Dalam merealisasikan Visi dan Misi Gubernur Riau, keadaan memerlukan sikap bijaksana, sebab dunia dilanda pandemi yang dahsyat. Bahkan Syamsuar pun sempat dua kali terpapar dalam aktivitas tugasnya sebagai gubernur.
Peristiwa dan persoalan serupa ini belum pernah terjadi selama 65 tahun Provinsi Riau dibentuk. Ia dihadapkan pada masalah global. Apakah kemudian masih pantas menjadikan pembangunan infrastruktur dan bermegah-megahan secara fisik sebagai parameter capaian spektakuler? Sementara banyak persoalan dasar di bidang kesehatan dan ekonomi yang harus ditanggulangi.

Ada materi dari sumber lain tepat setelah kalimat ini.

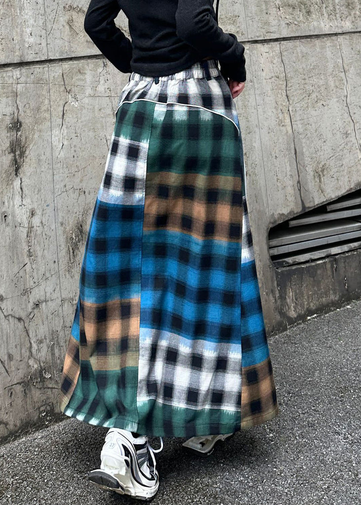 Loose Blue Plaid High Waist Patchwork Denim Skirt Spring

Belum lagi keberlangsungan pendidikan generasi yang perlu diarifi dengan berbagai kebijakan. Lalu mencuatnya persoalan LAM Riau baru-baru ini, dianggap bahwa Syamsuar sebagai payung panji adat telah membuat lembaga ini berujung di pengadilan sebagai kenyataan yang menyurutkan Melayu?

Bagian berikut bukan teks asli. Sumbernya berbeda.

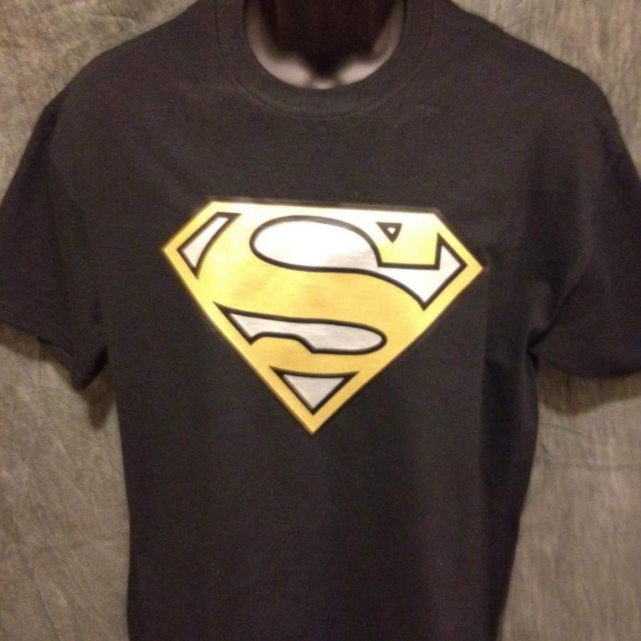 Superman Logo Variant Gold and Silver Alternate-Color Logo Black Tshirt Superman Logo Tshirt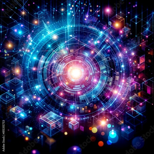 Colorful Abstract Background with Geometric Shapes and Bokeh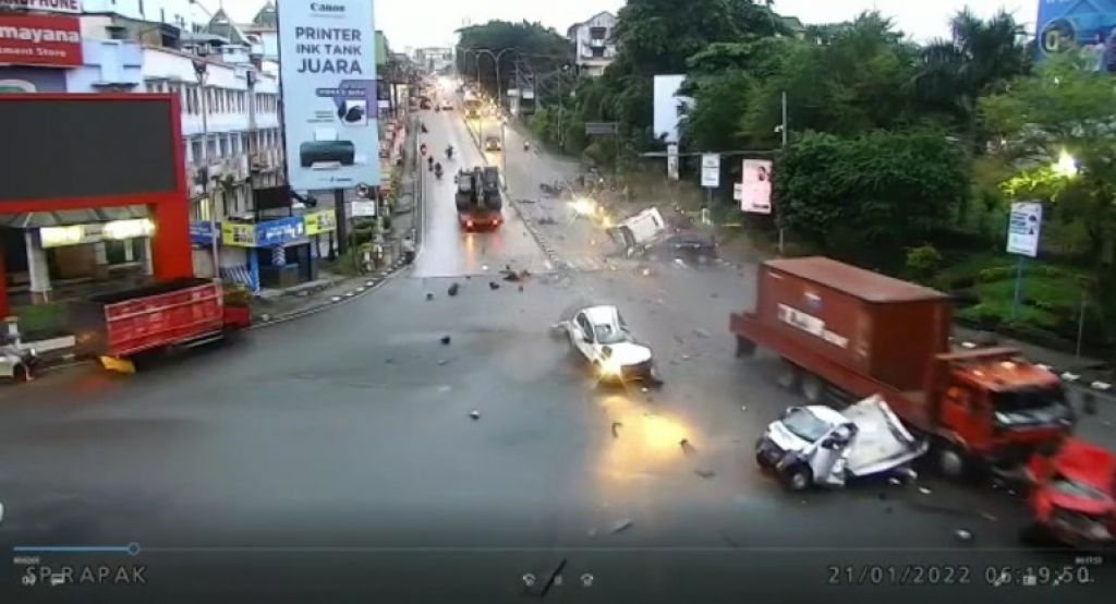 Alhasil, truk tronton menabrak sejumlah kendaraan. Berdasarkan pengamatan dari rekaman CCTV, setidaknya ada 7 mobil yang tertabrak. Sedangkan, sepeda motor tak begitu jelas terlihat.oke

Apakah sebelum Syamsuar menjadi gubernur persoalan-persoalan adat dan ke-Melayu-an khususnya di internal LAM Riau tidak ada? Banyak hal yang sudah terlanjur terjadi sebelum beliau menjadi gubernur, dan di masa-masa ini potensi pertelagahan itu memuncak lalu meledak. Apalagi tokoh yang selama ini menjaga marwah Melayu dan disegani di LAM Riau sudah tiada.
Seharusnya dengan kehilangan sosok tokoh itulah yang membuat Melayu bersedih. Adapun kemudian jika Syamsuar terkesan berpihak, tentu sangat berdasar dan bukan memaksakan kehendak seperti anggapan di dalam opini pemerhati sosial kemasyarakatan dan infrastruktur Riau itu.
Tulisan ini hanya reaksi biasa untuk menanggapi kebiasaan seseorang ketika lupa dengan catatan-catatannya di masa lalu yang hari ini kurang pas diucapkan. Terutama dalam mengungkapkan pandangannya kepada Pemerintah Provinsi Riau.